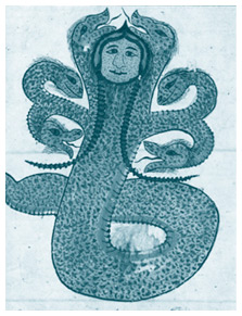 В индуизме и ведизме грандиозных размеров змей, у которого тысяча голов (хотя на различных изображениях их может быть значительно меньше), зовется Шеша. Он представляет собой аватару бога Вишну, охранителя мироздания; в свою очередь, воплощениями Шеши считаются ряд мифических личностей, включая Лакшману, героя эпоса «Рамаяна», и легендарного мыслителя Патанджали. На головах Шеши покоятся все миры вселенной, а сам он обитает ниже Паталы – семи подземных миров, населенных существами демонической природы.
__________________________________________________
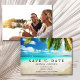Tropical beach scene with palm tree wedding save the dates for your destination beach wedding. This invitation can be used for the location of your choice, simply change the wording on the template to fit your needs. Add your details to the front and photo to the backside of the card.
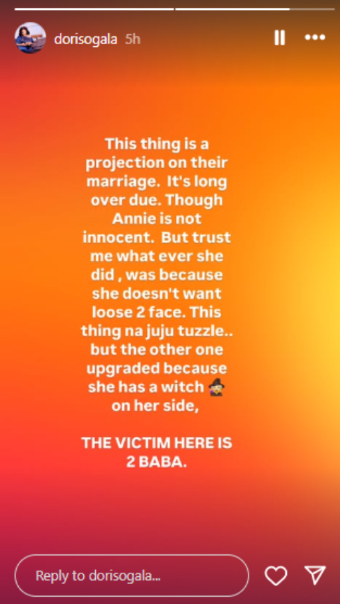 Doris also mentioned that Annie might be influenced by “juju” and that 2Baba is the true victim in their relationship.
__________________________________________________
### Work item
Extract the part of the records that opens with the line containing "Tropical beach scene" and closes with the line containing "Doris also mentioned". Take only those lines, exactly, and no pictures.

### Exercise response
Tropical beach scene with palm tree wedding save the dates for your destination beach wedding. This invitation can be used for the location of your choice, simply change the wording on the template to fit your needs. Add your details to the front and photo to the backside of the card.
 Doris also mentioned that Annie might be influenced by “juju” and that 2Baba is the true victim in their relationship.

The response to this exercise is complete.